Les Botteleurs de foin -J.F.Millet

Jean-François Millet (1814-1875)

 

Les botteleurs de foin

1850
Huile sur toile
56 x 65 cm
Conservé au Louvre

 

Cartel du Louvre

Jean-François Millet
Scène de genre
– mouvement réaliste – thème de la classe paysanne –
Contexte : la scène se situe dans la plaine de Chailly, où il n’y a ni verdure ni rivière et où la terre est rude.

 

Description :

Trois personnages sont occupés à leurs travaux des champs, une femme et deux hommes, la femme tient une fourche les deux hommes sont courbés entrain de lier les bottes

 

Composition

Au centre de la toile, trois personnages semblent être écrasés par les meules imposantes représentées à la gauche du tableau.

Le dessin est effacé

La lumière jaune est pesante. Elle installe de forts contrastes ombre-clarté, avec des rehauts blancs sur les chemises.

Le peintre utilise une palette à dominante ocre avec, pour les champs des bruns-verts, pour les vêtements du blanc et pour le ciel du gris coloré.

Le fond est diffus, la terre se dissout dans le ciel au loin.

 

Analyse :

Emblème du monde paysan.
C’est avec ce tableau qu’en 1850, Millet commence sa série champêtre.

Les origines paysannes de Millet expliquent son engouement pour les scènes champêtres qui sont l’essence même de son œuvre. Millet peint une réalité qu’il a côtoyée et restitue les gestes simples des paysans du XIX ème siècle. On perçoit leurs mouvements, leur travail quotidien, ordinaire.

Le peintre nourrit son pinceau de ses souvenirs d’enfance et des scènes qu’il observe à Barbizon, où il vit.

À propos des paysans de Millet, les critiques et les historiens de l’art soulignent
« la grandeur et la dignité » des figures.

Ce que l’artiste représente, c’est un monde paysan immuable, qui semble ignorer les mutations en cours (exode rural, mécanisation des campagnes, pénétration de la culture urbaine, évolutions morales…)

Millet est un peintre du quotidien. Les paysans sont au centre de ses tableaux, et Millet montre leur humanité, leur labeur acharné.
Il met en évidence et reproduit avec une grande précision les gestes des botteleurs, des vanneurs, des semeurs, des moissonneurs, des fendeurs de bois…
Ses figures sont sculpturales, sans aucun détail superflu, les visages, quand ils ne sont pas à contre-jour et donc dépourvus d’individualité, sont marqués par l’expression de l’effort physique.
Il peint une harmonie profonde entre l’homme et la nature où le geste paysan trouve sa vraie signification.

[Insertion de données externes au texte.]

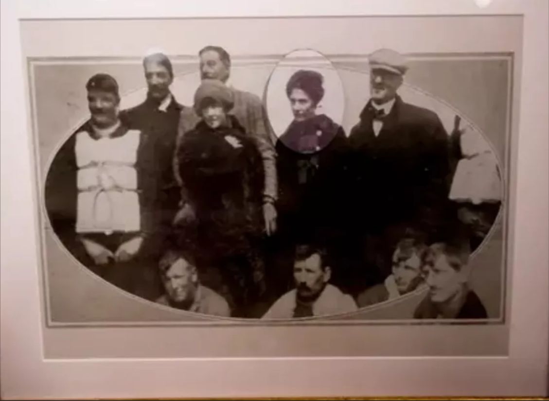 Dobová fotografie části přeživších potopení Titanicu. Původní majitelka záchranné vesty Laura Mabel Francatelliová v kroužku.
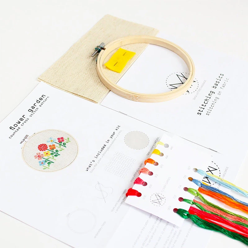 This pretty flower garden cross stitch kit will have you dreaming of spring and sunny days! Designed by Canadian artist Diana Watters, this simple and small design is a perfect choice for beginners.
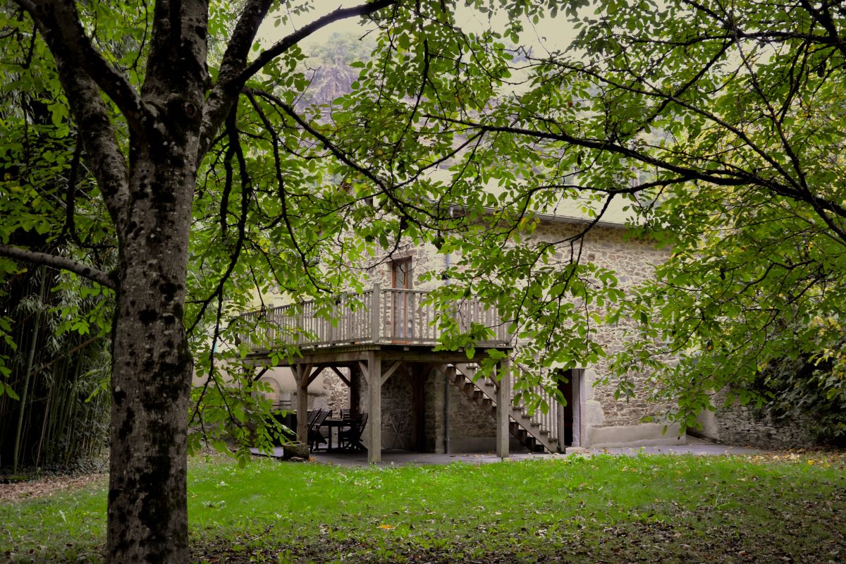 Petit pavillon avec grande prairie arborée bambouseraie et terrasse

Le peintre est en symbiose avec les êtres qu’il représente.
La gravité, le silence, le labeur qui émanent de ses tableaux sont des valeurs du monde rural.
Millet magnifie l’univers paysan en nous faisant percevoir le dur labeur de ces travailleurs de l’ombre et de la terre…

Millet joue un rôle capital dans l’histoire de la peinture puisqu’il ouvre la voie aux impressionnistes, comme Claude Monet et Camille Pissarro, et surtout Vincent Van Gogh, qui le revendiqua comme modèle et s’en est inspiré dans nombre de ses tableaux.

Pourtant, malgré sa notoriété et son influence, Millet est un artiste moins reconnu que la plupart des impressionnistes dont la gloire a éclipsé la sienne…

Le succès de certains de ses tableaux comme L’angélus l’ont desservi et son œuvre a été réduite à des clichés.

Millet détestait la ville et le monde urbain en général. Il venait à Paris pour voir le Salon, le Louvre et se tenir au courant des grands évènements artistiques.
II préférait vivre à Barbizon dans sa « crapaudière » au milieu de ses neuf enfants qu’il aimait et dont il s’occupait.

Au salon de 1850 Les botteleurs de foin qui décrit la rudesse des travaux des champs, fut l’un de ceux qui valurent à Millet d’être critiqué pour son
« socialisme ».

La vision réaliste de la condition paysanne ou ouvrière effrayait les classes dirigeantes, qui croyaient y voir un encouragement à la révolte.

Si les figures paysannes de Jean-François Millet suscitent l’enthousiasme des républicains, l’artiste se défend d’un quelconque message politique ou idéologique de ses œuvres. Aucune revendication, assure le peintre, qui campe des « types » paysans, toujours anonymes : le semeur, les botteleurs, le vanneur, la glaneuse, la bergère.